## Given data
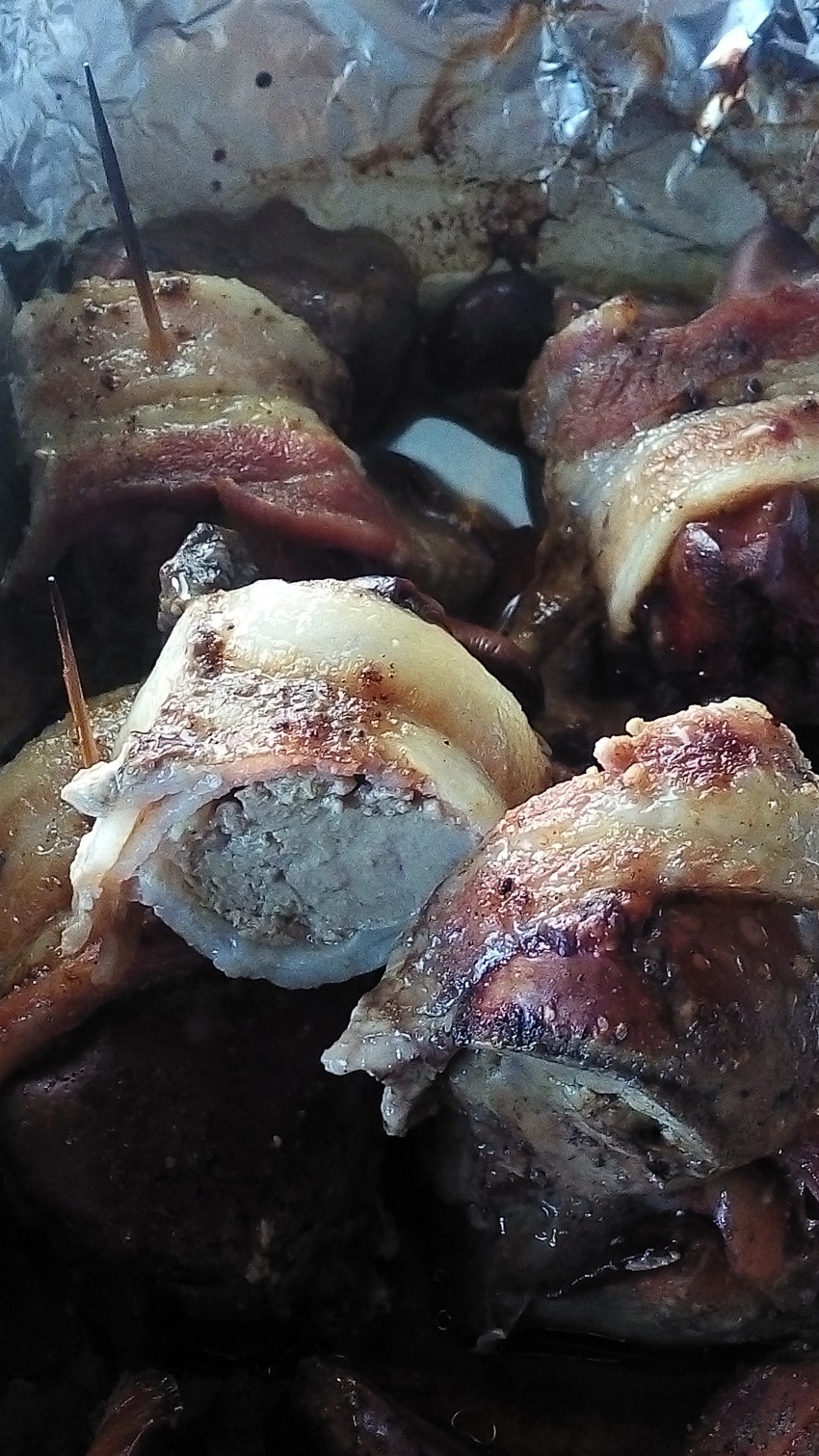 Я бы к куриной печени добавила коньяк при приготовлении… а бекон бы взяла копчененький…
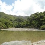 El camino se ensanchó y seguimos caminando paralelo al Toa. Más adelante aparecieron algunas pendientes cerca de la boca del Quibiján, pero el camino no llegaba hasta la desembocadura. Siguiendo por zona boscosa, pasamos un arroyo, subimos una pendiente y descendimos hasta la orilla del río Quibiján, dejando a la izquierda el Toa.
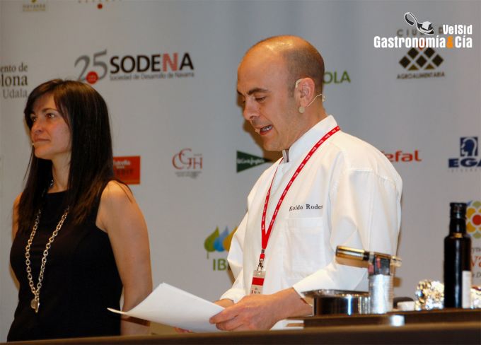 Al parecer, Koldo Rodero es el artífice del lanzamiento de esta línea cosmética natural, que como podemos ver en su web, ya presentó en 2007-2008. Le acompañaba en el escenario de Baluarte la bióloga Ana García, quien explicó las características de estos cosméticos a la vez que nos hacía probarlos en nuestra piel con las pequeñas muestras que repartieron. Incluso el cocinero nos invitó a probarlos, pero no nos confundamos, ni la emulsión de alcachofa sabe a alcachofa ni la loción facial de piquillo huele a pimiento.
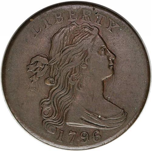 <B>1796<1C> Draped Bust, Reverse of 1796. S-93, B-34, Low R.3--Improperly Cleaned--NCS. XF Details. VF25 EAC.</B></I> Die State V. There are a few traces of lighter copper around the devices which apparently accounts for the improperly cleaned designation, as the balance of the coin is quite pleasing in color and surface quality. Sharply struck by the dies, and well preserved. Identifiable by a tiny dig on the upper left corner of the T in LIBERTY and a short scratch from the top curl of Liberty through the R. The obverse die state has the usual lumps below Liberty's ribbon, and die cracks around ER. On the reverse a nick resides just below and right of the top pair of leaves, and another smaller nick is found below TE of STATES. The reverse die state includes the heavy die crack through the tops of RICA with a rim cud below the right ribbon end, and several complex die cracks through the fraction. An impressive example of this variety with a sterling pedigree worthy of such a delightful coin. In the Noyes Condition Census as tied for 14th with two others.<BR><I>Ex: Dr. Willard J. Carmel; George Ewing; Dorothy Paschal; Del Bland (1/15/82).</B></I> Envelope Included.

## What to work on
The reply should repeat the listing above exactly and contain no pictures.

## Exercise result
 Я бы к куриной печени добавила коньяк при приготовлении… а бекон бы взяла копчененький…
 El camino se ensanchó y seguimos caminando paralelo al Toa. Más adelante aparecieron algunas pendientes cerca de la boca del Quibiján, pero el camino no llegaba hasta la desembocadura. Siguiendo por zona boscosa, pasamos un arroyo, subimos una pendiente y descendimos hasta la orilla del río Quibiján, dejando a la izquierda el Toa.
 Al parecer, Koldo Rodero es el artífice del lanzamiento de esta línea cosmética natural, que como podemos ver en su web, ya presentó en 2007-2008. Le acompañaba en el escenario de Baluarte la bióloga Ana García, quien explicó las características de estos cosméticos a la vez que nos hacía probarlos en nuestra piel con las pequeñas muestras que repartieron. Incluso el cocinero nos invitó a probarlos, pero no nos confundamos, ni la emulsión de alcachofa sabe a alcachofa ni la loción facial de piquillo huele a pimiento.
 <B>1796<1C> Draped Bust, Reverse of 1796. S-93, B-34, Low R.3--Improperly Cleaned--NCS. XF Details. VF25 EAC.</B></I> Die State V. There are a few traces of lighter copper around the devices which apparently accounts for the improperly cleaned designation, as the balance of the coin is quite pleasing in color and surface quality. Sharply struck by the dies, and well preserved. Identifiable by a tiny dig on the upper left corner of the T in LIBERTY and a short scratch from the top curl of Liberty through the R. The obverse die state has the usual lumps below Liberty's ribbon, and die cracks around ER. On the reverse a nick resides just below and right of the top pair of leaves, and another smaller nick is found below TE of STATES. The reverse die state includes the heavy die crack through the tops of RICA with a rim cud below the right ribbon end, and several complex die cracks through the fraction. An impressive example of this variety with a sterling pedigree worthy of such a delightful coin. In the Noyes Condition Census as tied for 14th with two others.<BR><I>Ex: Dr. Willard J. Carmel; George Ewing; Dorothy Paschal; Del Bland (1/15/82).</B></I> Envelope Included.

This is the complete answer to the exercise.